Dwayne Sabb

No. 95, 56
- Positions: Linebacker, fullback

Personal information
- Born: October 9, 1969 (age 56) Jersey City, New Jersey, U.S.
- Listed height: 6 ft 4 in (1.93 m)
- Listed weight: 248 lb (112 kg)

Career information
- High school: Hudson Catholic Regional (Jersey City, New Jersey)
- College: New Hampshire
- NFL draft: 1992: 5th round, 116th overall pick

Career history
- New England Patriots (1992–1996); Saint Louis Rams (1997)*; Buffalo Bills (1998)*; New York/New Jersey Hitmen (2001); New Jersey Gladiators (2001–2002); Buffalo Destroyers (2003); Philadelphia Soul (2004);
- * Offseason and/or practice squad member only

Career NFL statistics
- Tackles: 111
- Sacks: 7
- Interceptions: 3
- Forced fumbles: 3
- Stats at Pro Football Reference

Career Arena League statistics
- Tackles: 19
- Sacks: 6.5
- Touchdowns: 1
- Stats at ArenaFan.com

= Dwayne Sabb =

American football player (born 1969)

Dwayne Irving Sabb (born October 9, 1969) is an American former professional football player who was a linebacker and fullback in the National Football League (NFL), the XFL and the Arena Football League (AFL).
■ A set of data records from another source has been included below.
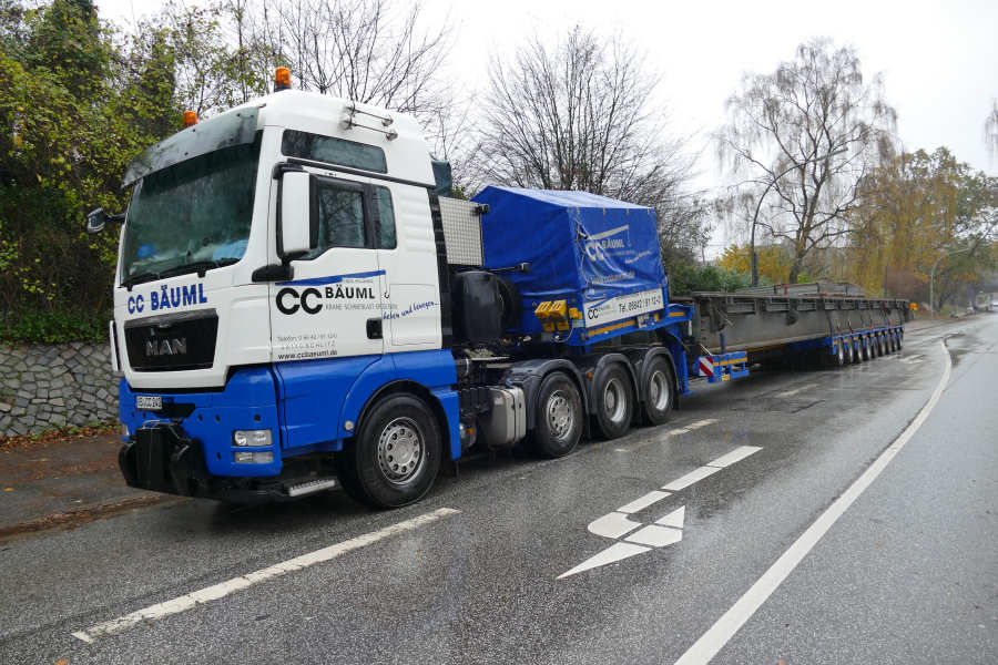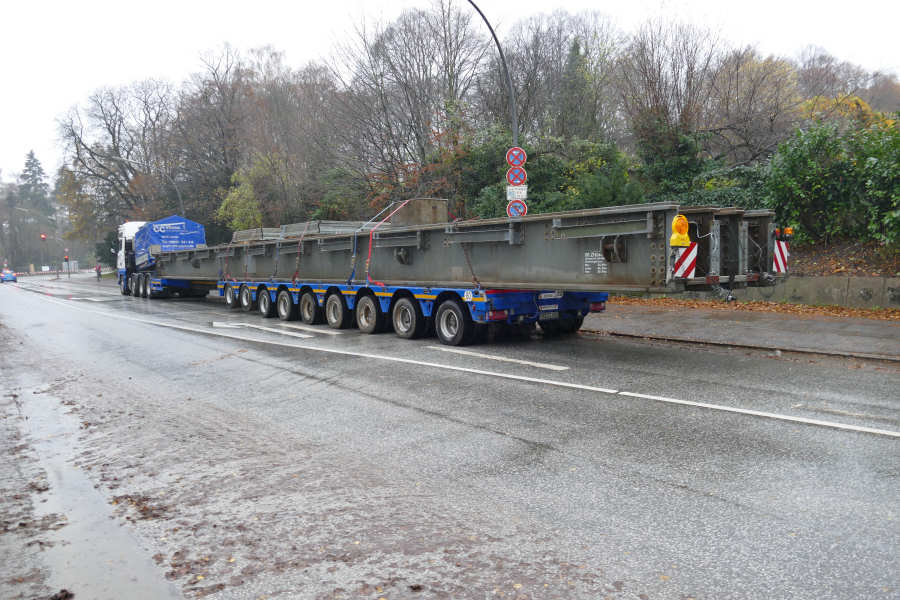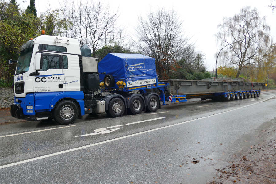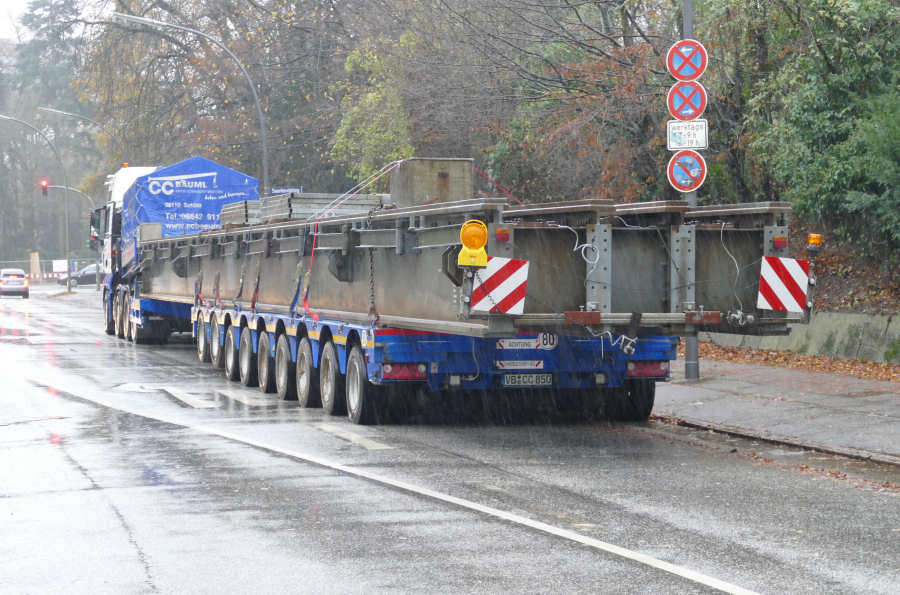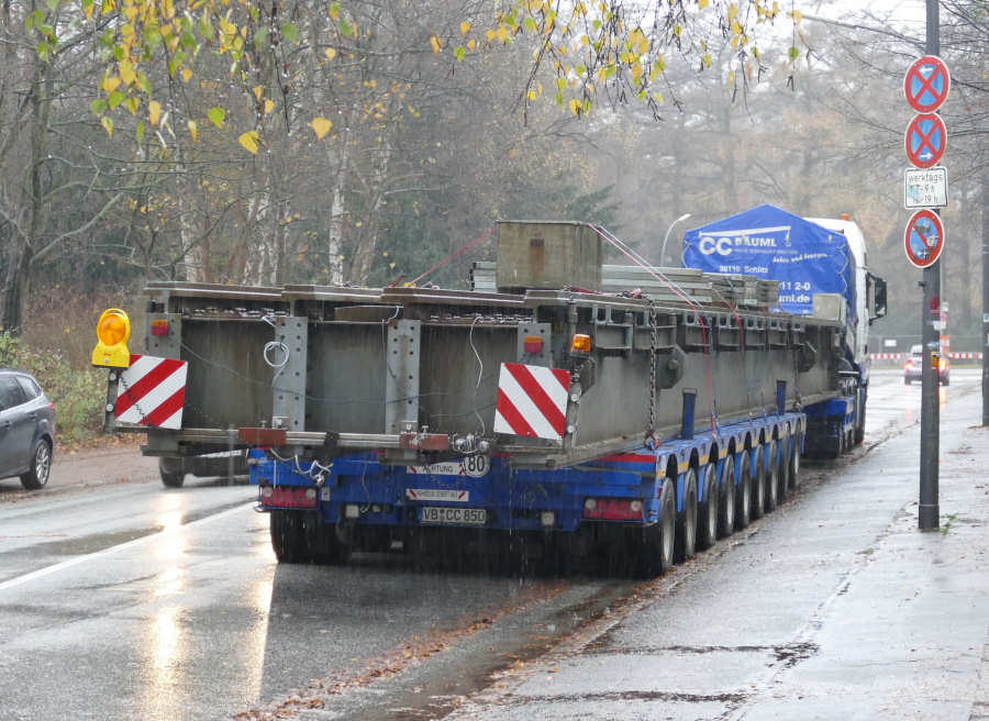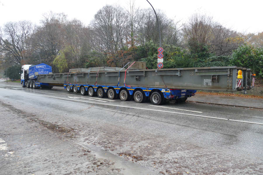MAN 41.540 TGX mit Faymonville 9 achs Semitieflader, Transport einer Bahnhilfsbrücke
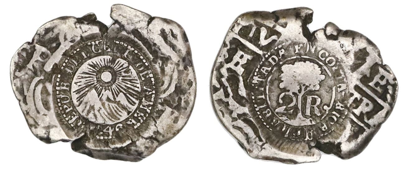 Costa Rica, 2 reales, 1846JB counterstamp (Type V) on a Potosi, Bolivia, cob 2 reales of assayer E (
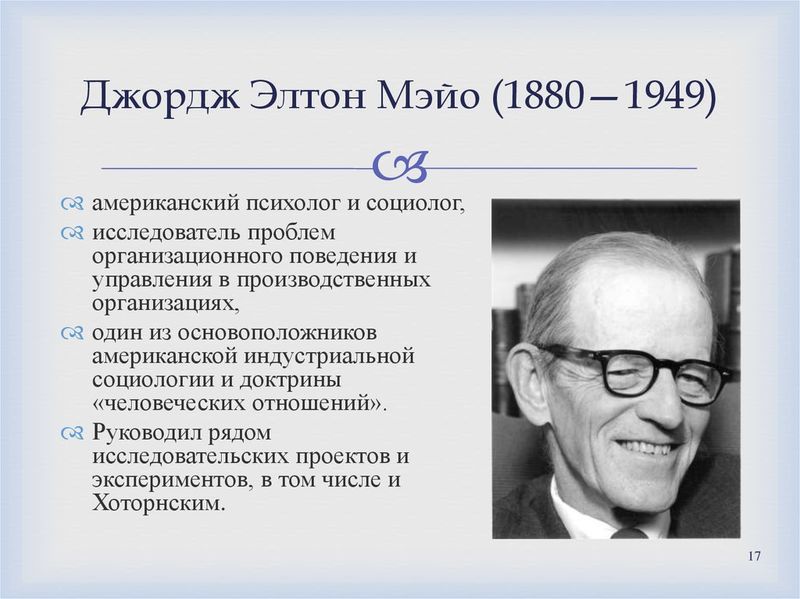 Автором экспериментов был Э. Мэйо. Результат эксперимента доказал, что на уровень производительности труда оказывают влияние и социально-экономические факторы. А в после военный период, когда все производственные мощности уже использовались на 100%, и основные идеи научной школы менеджмента были внедрены, такое открытие позволило руководителям корпораций вновь увеличивать свои доходы.
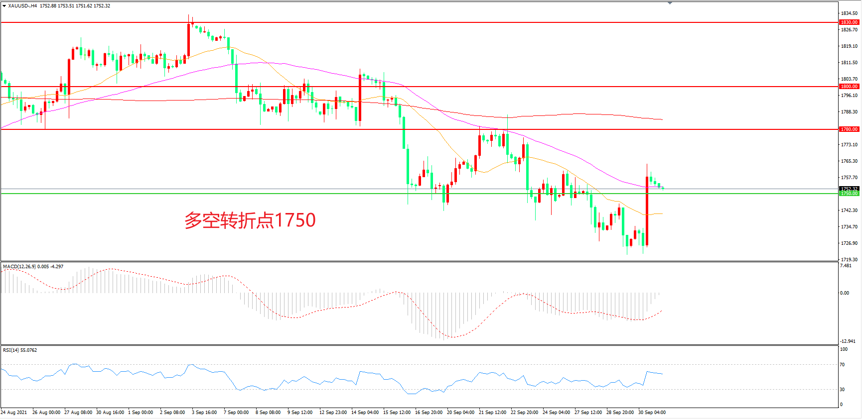 4小时图看,金价长阳拉升,短线走势有所回暖,但整体依处于下行趋势之中,1750成为多空分水岭,MACD绿柱增加,RSI指标走平,日内震荡下行概率较大。
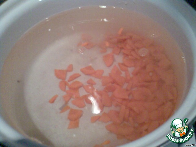 морковку почистить и порезать тонкими кусочками, положить в кастрюлю и варить после закипания 10 минут.
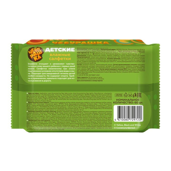 Влажные салфетки детские Чебурашка, 60 штук цвет микс интересное:
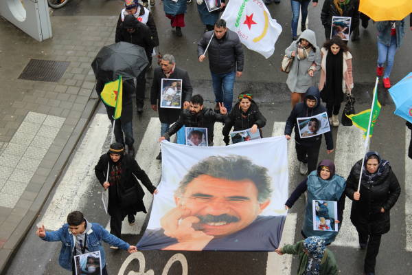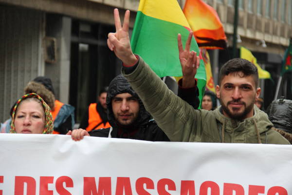 Демонстранты собрались перед Северным железнодорожным вокзалом Брюсселя под флагами ОНС и Рожавы. Они также несли плакаты с портретом лидера курдов Абдуллы Оджалана, турецкого революционного лидера Ибрагима Кайпаккая и баннеры с лозунгами, осуждающими Эрдогана и Турцию.
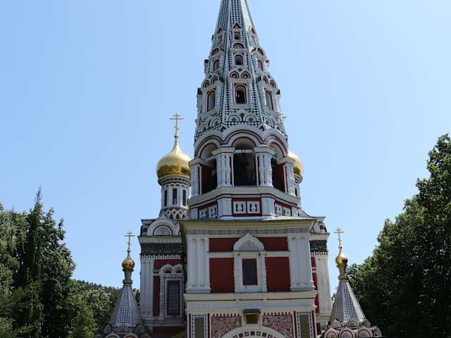 Die Gedächtniskirche "Christi Geburt" im Dorf Shipka wurde im Jahre 1902 im Baustil russischer Kirchen des 17. Jahrhunderts errichtet. Architekt war der Tscheche A.I. Tomischko. Die Kirche liegt in der Nähe des südlichen Ende des Shipkapasses, eine der wichtigsten Nord-Südverbindungen über das Balkangebirge. Die Kirche ist dem russischen Sieg in einer der wichtigsten Schlachten im russisch-türkischen Krieg (1877/78) gewidmet. Als Folge dieses Krieges wurde Bulgarien von der 482 Jahre andauernden osmanischen Fremdherrschaft (1396 - 1878) befreit. Der Glockenturm ist 53 Meter hoch und hat 17 Glocken. Die größte Glocke ist 12 Tonnen schwer. Im Inneren sieht man eine Altarwand aus Lindenholz und mit reichlich vergoldeten Ikonen. Auf den Marmorplatten befinden sich die Namen der gefallenen russischen Offiziere und Soldaten während des Russisch-türkischen Kriegs in goldenen Lettern geschrieben. Auf vier der Tafeln stehen die Namen der bulgarischen Kämpfer, die für die Befreiung Bulgariens von der türkischen Fremdherrschaft gefallen sind. In der Krypta sind 17 Sarkophage mit den Gebeinen russischer Soldaten aufgestellt.
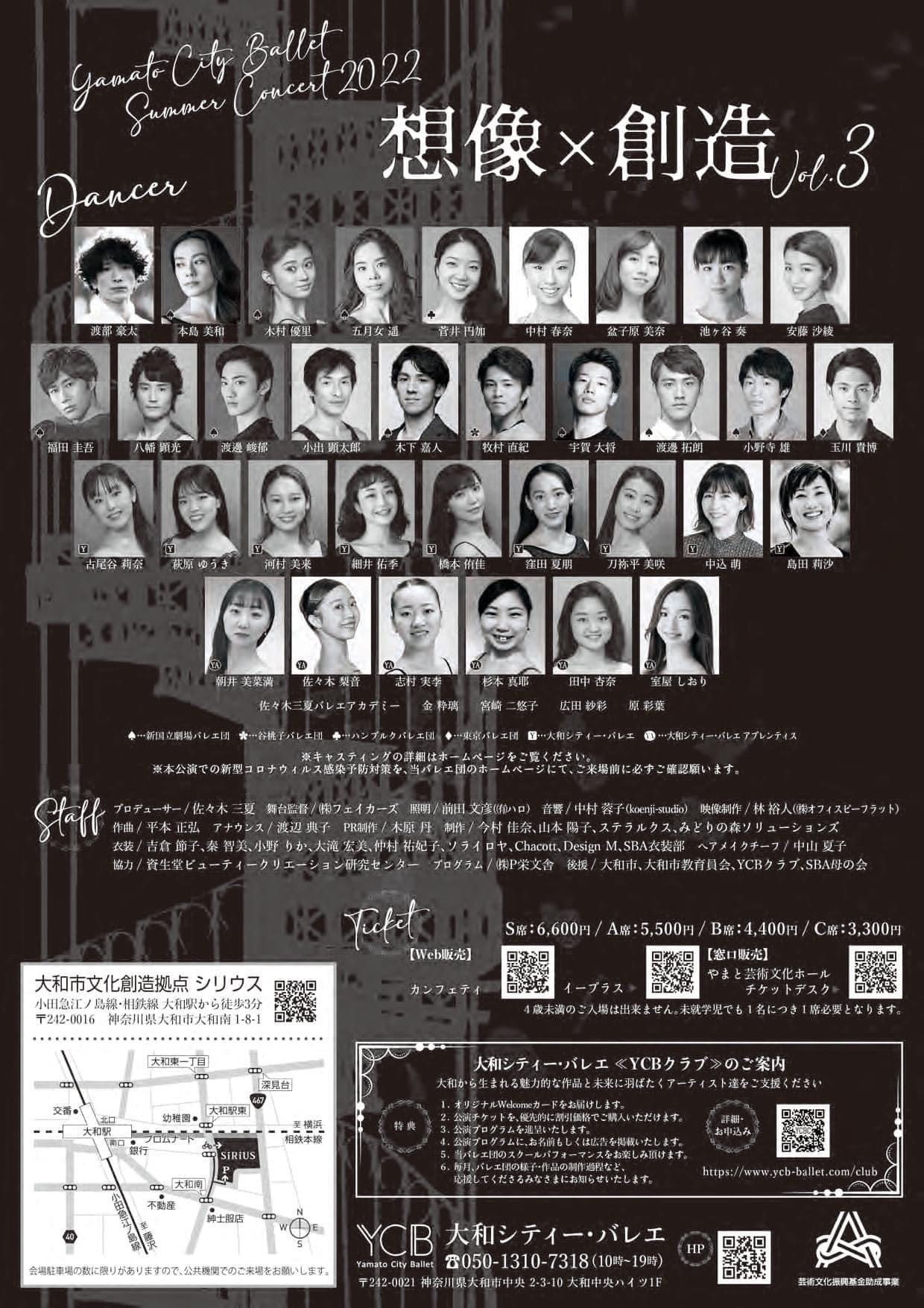 総合プロデューサーは、佐々⽊三夏。佐々⽊三夏バレエアカデミー(SBA)からは、ハンブルグバレエ団の菅井円加、モーリス・ベジャール・バレエ団の大貫真幹を始め、海外で活躍中のダンサーを沢山輩出しています。⼤和シティー・バレエ(YCB)が設⽴されたのは、「⼤和市⽂化創造拠点シリウス」が開設された2016 年秋。2019年から本格的に始動を開始しました。
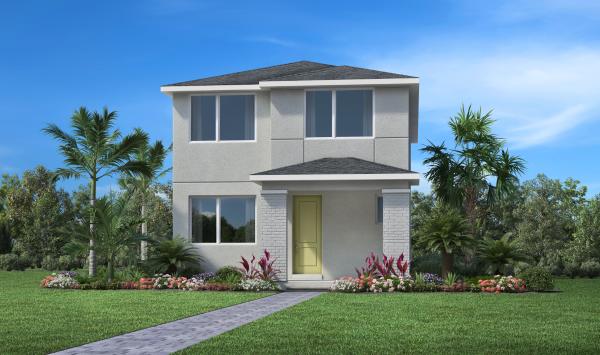 Stylish urban comfort. The Bellamy’s inviting porch and entry flow into the welcoming foyer and a bright flex room, revealing the spacious great room, dining room, and desirable covered lanai beyond. The well-equipped gourmet kitchen is highlighted by a large center island with breakfast bar, plenty of counter and cabinet space, and ample walk-in pantry. The serene primary bedroom suite is enhanced by an enormous walk-in closet and spa-like primary bath with dual-sink vanity, large luxe shower, and private water closet. Generous secondary bedrooms feature sizable closets and shared hall bath. Additional highlights include a convenient powder room, centrally located laundry, and additional storage.

He played college football for the New Hampshire Wildcats.

==Early life==
Sabb was born October 10, 1969, in Jersey City, New Jersey. Sabb graduated from Hudson Catholic Regional High School in Jersey City, New Jersey, before attending the University of New Hampshire.

==Career==
After graduating from UNH, he was selected in the 5th round (116th overall) in the 1992 NFL draft by the New England Patriots. A member of the Patriots from 1992 to 1996, Sabb appeared in Super Bowl XXXI, a Patriots loss to the Green Bay Packers. Following Sabb's NFL career, he played in various other leagues including the XFL (2001 with New York/New Jersey Hitmen) and the Arena Football League. With the Hitmen, Sabb was amongst the XFL leaders in sacks. In the AFL, Sabb spent 2001–02 with the New Jersey Gladiators, 2003 with the Buffalo Destroyers and 2004 -2005 with the expansion Philadelphia Soul.